Oatmeal Chocolate Chip Cookies

I've been meaning to add some of our favorite foods to this blog for awhile, so you'll probably see a sudden influx of posts from me on here. Hopefully your families will enjoy some of these as well!

These Oatmeal Chocolate cookies are too die for. By far my favorite cookie of all time. They're huge, chewy and soft in the middle and a little big crisp on the outside. The recipe probably seems pretty finicky, but the end results are worth it!

*My notes on the recipe: You do need to make them as big as it says if you want the crisp edges and chewy middle. Dark brown sugar does make a better cookie, but I've used regular brown sugar with good results as well. We also usually use chocolate chips since we usually have them on hand, rather than the semi-sweet chunks, but the chunks are a little better. Old fashioned oats are also a must. Don't substitute instant. Watch them closely! If you over bake them you might as well chuck them in the trash.
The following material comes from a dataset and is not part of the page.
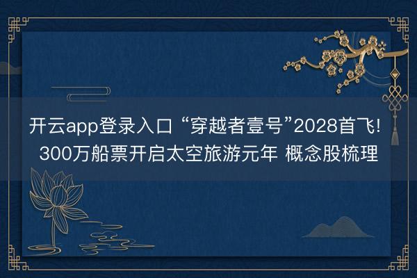 开云app登录入口 “穿越者壹号”2028首飞! 300万船票开启太空旅游元年 概念股梳理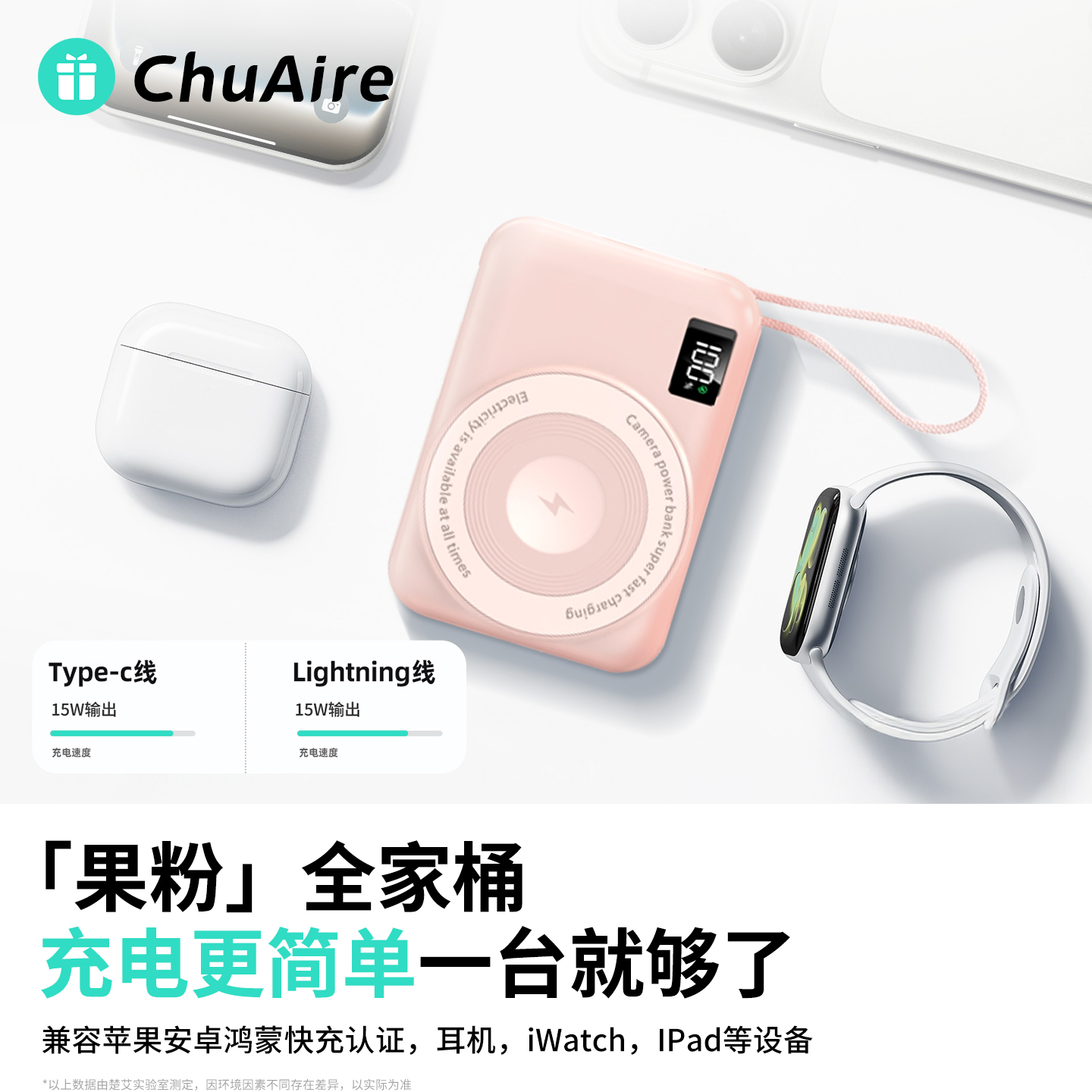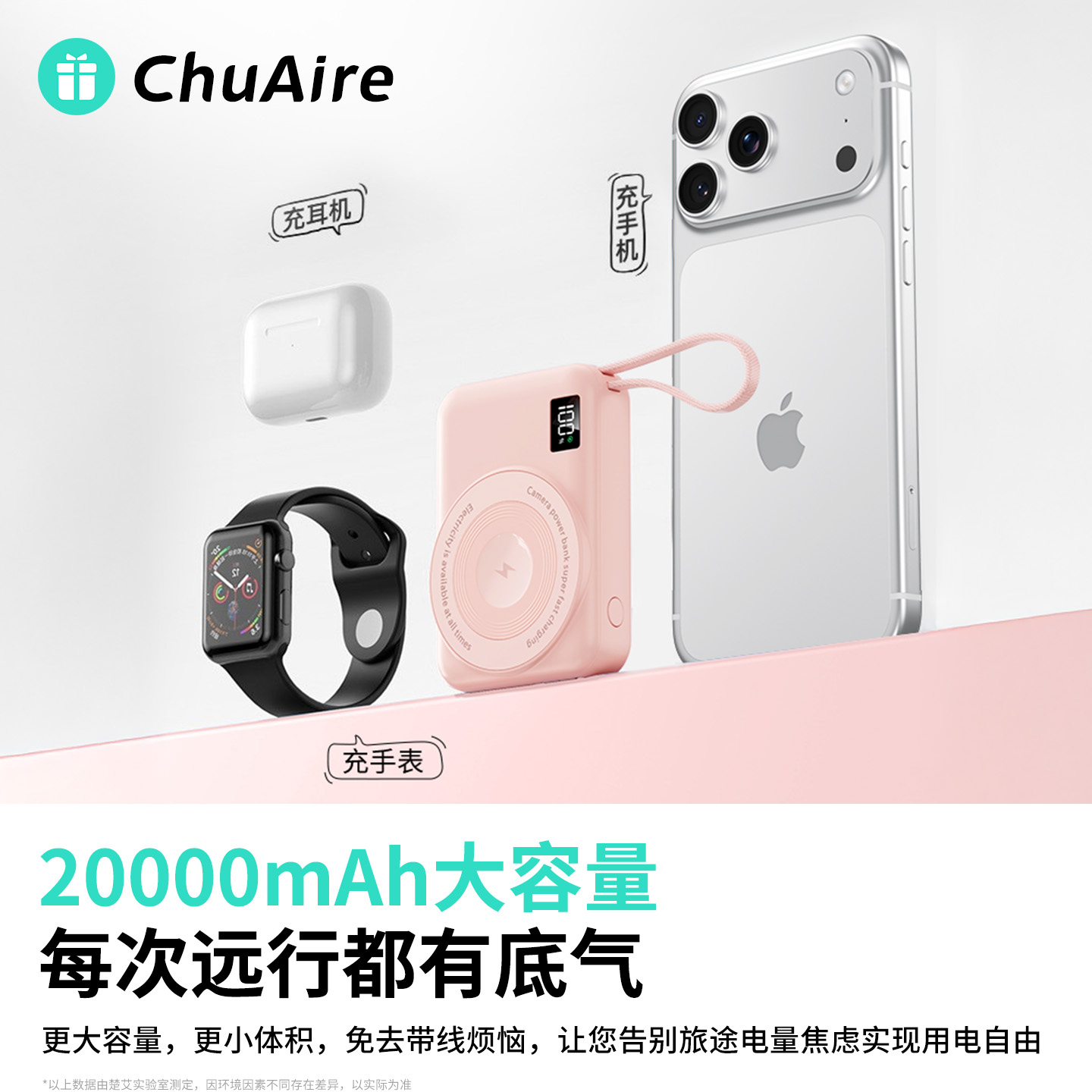 【五合一大容量】楚艾3C认证新国标可上飞机磁吸20000毫安充电宝自带线magsafe手表移动电源适用苹果华为小米

1 1/4 cups unbleached all-purpose flour
3/4 teaspoon baking powder
1/2 teaspoon baking soda
1/2 teaspoon table salt
1 teaspoon cinnamon
1 1/4 cups old-fashioned rolled oats
8 ounces semi-sweet chocolate, chopped into chunks
or
1 1/2 cups chocolate chips
12 Tablespoons (1 1/2 sticks) unsalted butter, softened but still cool
1 1/2 cups packed dark brown sugar
1 large egg
1 teaspoon vanilla

1. Adjust oven racks to upper and lower-middle positions; heat oven to 350 degrees. Line 2 large baking sheets with parchment paper.
2. Whisk flour, baking powder, baking soda, salt and cinnamon in a medium bowl. In a second medium bowl, stir together oats and chocolate.
3. In a standing mixer beat butter and sugar at medium speed until no sugar lumps remain, about 1 minute. Scrape down the sides of the bowl and add egg and vanilla and beat on medium- low speed until fully incorporated, about 30 seconds. Scrape down the bowl; with the mixer running on low speed add flour mixture; mix until just combined about 30 seconds. With mixer still running on low gradually add oat and chocolate mixture; mix until just incorporated. Give the dough a final stir by hand to ensure no flour pockets remain.
4. Using a 1/4 measure, divide dough into 16 equal portions, then roll into balls. Stagger 8 balls per cookie sheet and flatten gently to about 1 inch thickness. Bake both baking sheets 8 minutes, rotate them front to back and top to bottom and bake an additional 9 minutes longer. Watch them closely! Remove when the edges are set up but the fissures are still wet and raw looking. Cool 5 minutes on the cookie sheet, then move to a wire rack to cool completely.